Estimating confidence of MERLIN predictions

MERLIN learns a graphical model in greedily. This means that the optimal solution found by MERLIN may not be the absolute optimum. In fact, learning network structure falls into a class of problems called NP hard. This means that there will likely never be an efficient algorithm to determine an absolute optimal network structure. Further, the output of MERLIN depends on the random initialization, i.e. how genes are grouped into modules. Given all of this inherit variability in our prediction algorithm its an important problem to try and say which of regulatory relationships are most supported by the data. We do this through a technique called bootstrapping which allows us to estimate the confidence of a learned relationship.Bootstrapping is a common statistical technique where a model is learned on a subset of data, and compared with other inferred models. In the case of MERLIN, we randomly sample multiple subsets of RNA-seq experiments, and infer a regulatory network each time using MERLIN. We then count the number of times each edge occurs in all of our inferred models and use this as a confidence estimation. In the case of GRAsp, we are showing all edges that have occurred in 80% or more of the models.

What is the difference between MERLIN and MERLIN-P-TFA?
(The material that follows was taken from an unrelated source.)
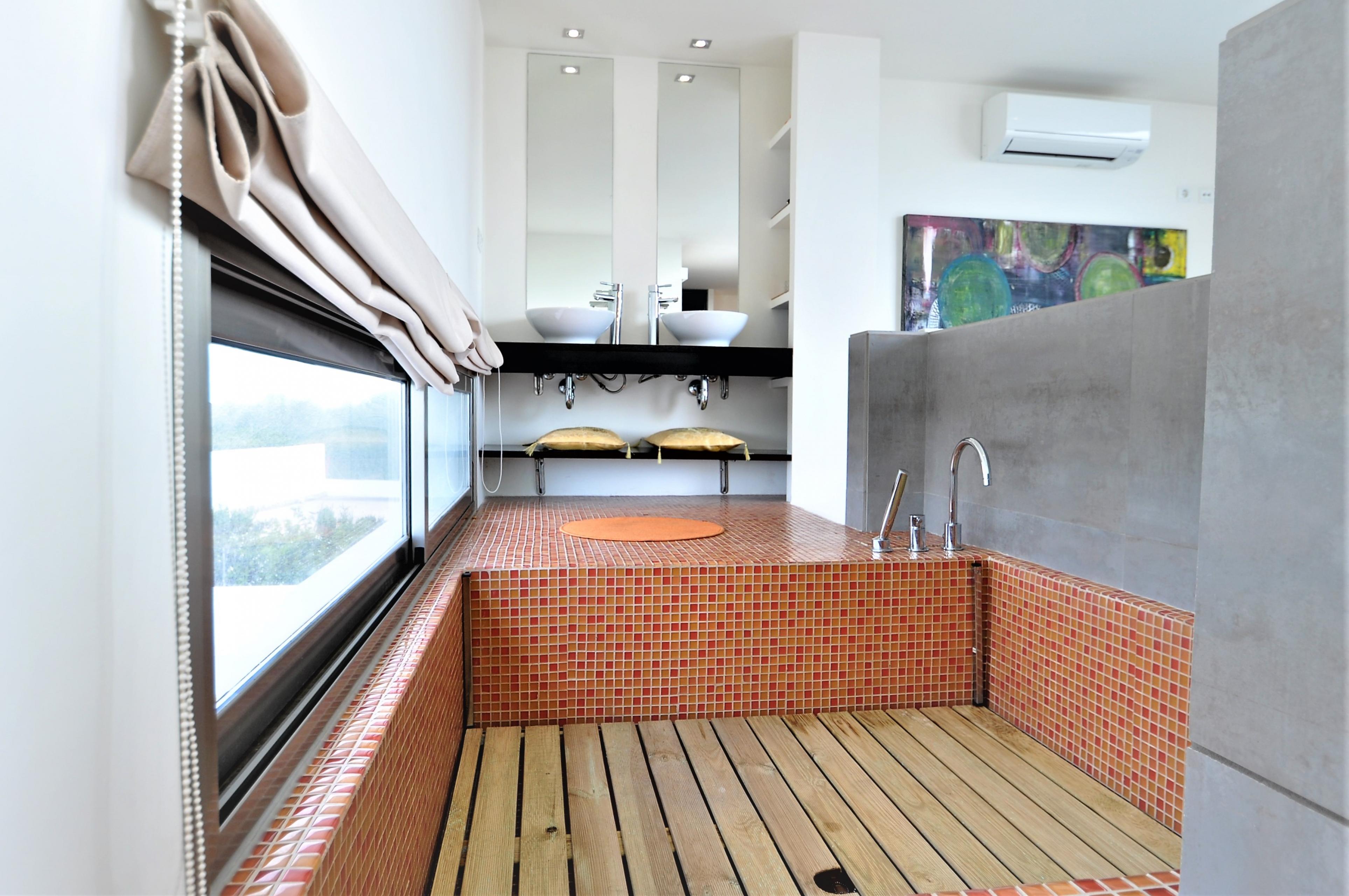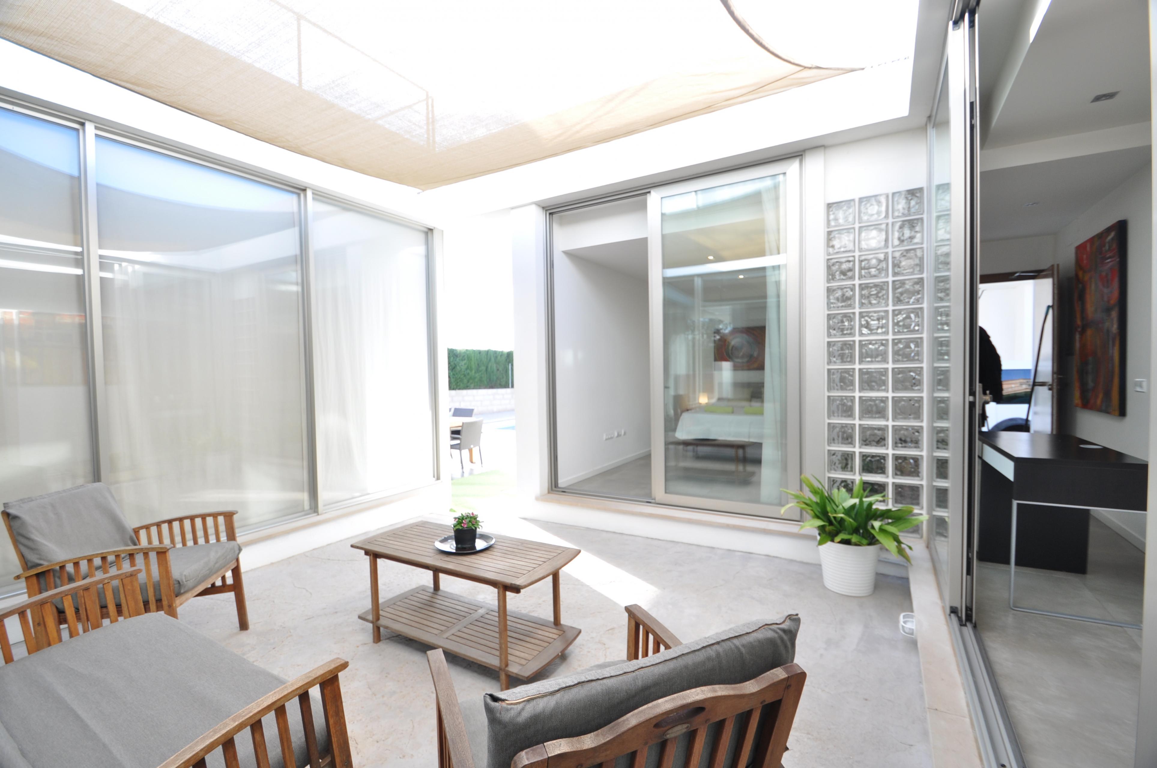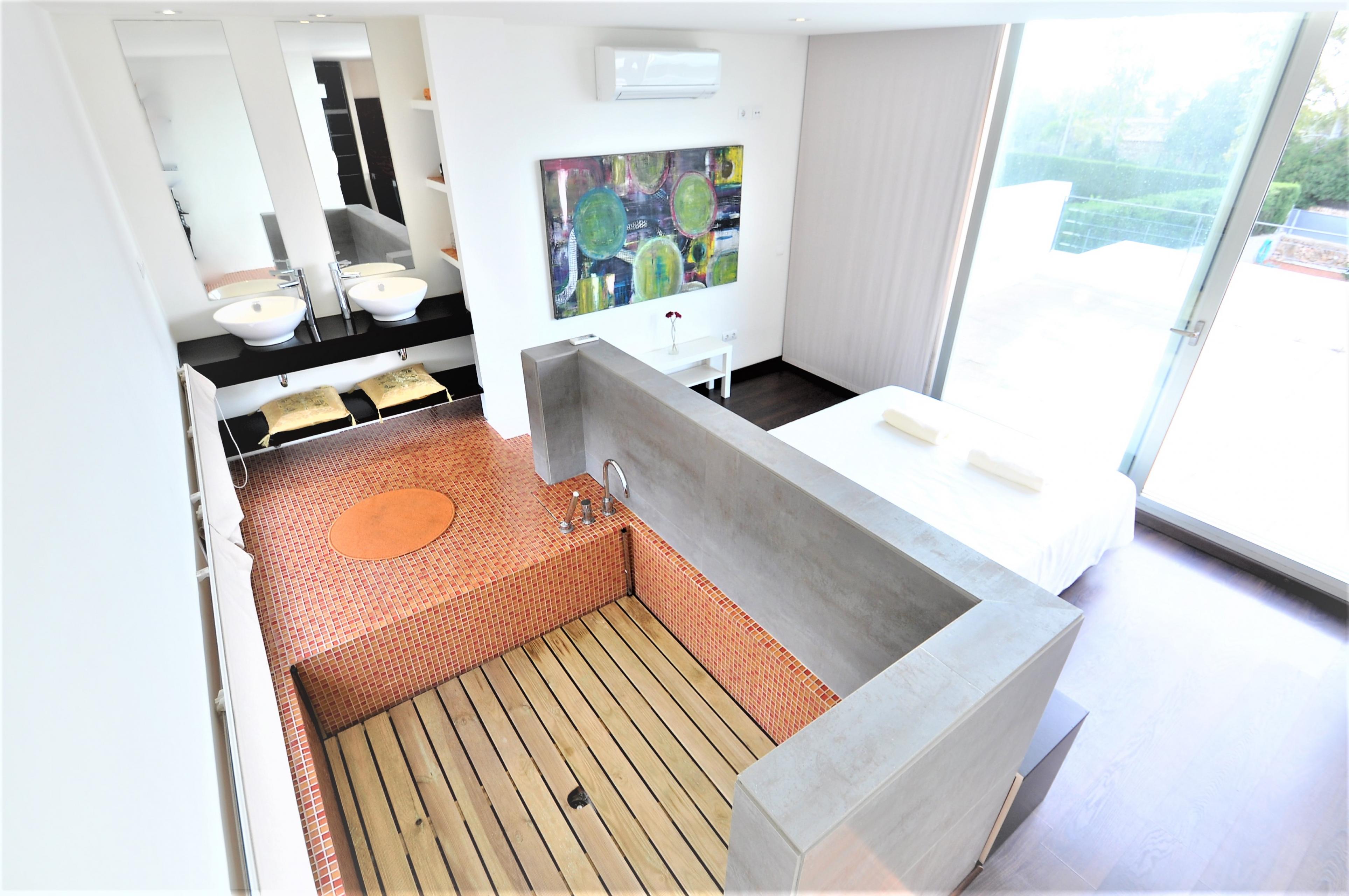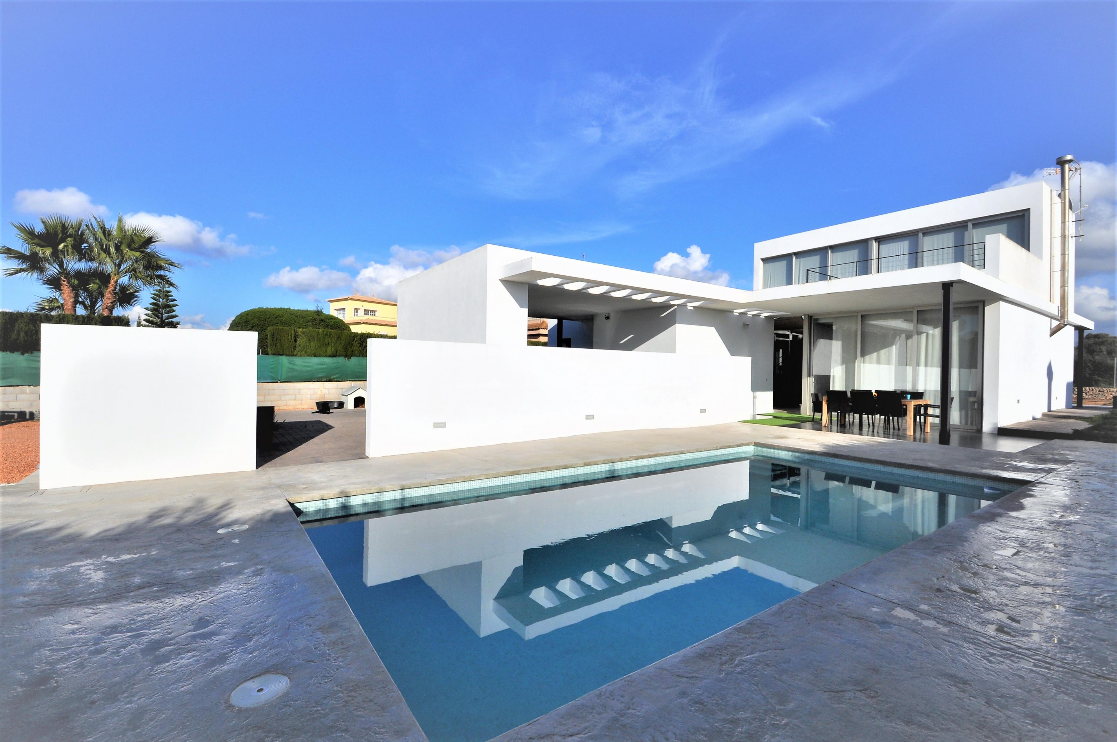 Im Aussenbereich befindet sich ein privter Pool ( 8x4 m Länge, 1,1 m-2m Tiefe), 5 Sonnenliegen, ein Grill, Garten und eine Veranda von 45 m2.
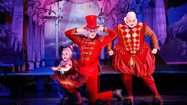 Following the triumphant opening number, comes the surreal colour splashes of The Coney Island Waltz, featuring Gangle, Fleck, Squelch (Dean Vince, Emma J. Hawkins and lyric tenor, Paul Tabone) and the ensemble. They introduce Mr. Y's (the Phantom's) Phantasma, an amusement park home to circus performers as well as outcasts of society like Mr. Y. himself. All the gorgeous razzle dazzle bursts like fireworks beneath a circus canopy almost as tall as the three storey stage, topped by the platform where the Phantom sits reigning and watching over the excitement. Acts of all kinds – a dancing bear, a familiar looking monkey with cymbals on a wagon being towed by a giant tricycle, stiltwalkers, fire eaters and torch twirlers, and an elaborate fantasy carousel – share centre stage. But this is only the surface of the hula-palooza.

While MERLIN was a strong start to inferring regulatory relationship, like many other algorithms the predicted regulatory relationships did not correspond well with true relationships derived experimentally (ChIP-seq or transcription factor KO experiments). To improve the consistency of the inferred MERLIN networks, we have implemented new algorithms called MERLIN-P and MERLIN-P-TFA which leverage additional information, improve the inference of a regulatory network. The P in MERLIN-P and MERLIN-P-TFA stands for prior. These models allow the user to incorporate transcription factor binding motif, additional chIP-seq data, and KO information into the network inference algorithm which improve consistency in the network inference results. The additional information is incorporated a known prior network where hypothesized or known regulatory relationships between regulators and their target genes are included. MERLIN then learns a new regulatory network an additional term that penalizes differences between the inferred regulatory network and the prior. For more information see the original MERLIN-P paper Siahpirani A. F. and Roy S., Nucleic Acids Res. 2017. MERLIN-P-TFA takes the usage of prior information one step farther. It is well known that effects of transcription factors and their binding is not necessarily controlled by the level of active transcription of that particular transcription factor. Instead, additional factors such as phosphorylation events and ligand binding can play additional roles in the activity of transcription factors. These post transcriptional modification cannot directly be measured in RNA-seq data thus making it difficult to predict regulatory relationships.To combat this problem, MERLIN-P-TFA attempts to estimate transcription factor activity (TFA) using a method call network component analysis (NCA). The goal of this method is to use the prior network established from the additional data to infer if the regulator was active. This is done by trying to predict the expression of a gene using just the prior network. The result of this algorithm is a new profile for a subset of genes for which we have a critical threshold of prior information. This profile is an estimation of the regulators activity that is based on the data. MERLIN-P+TFA is currently unpublished but look for our paper soon.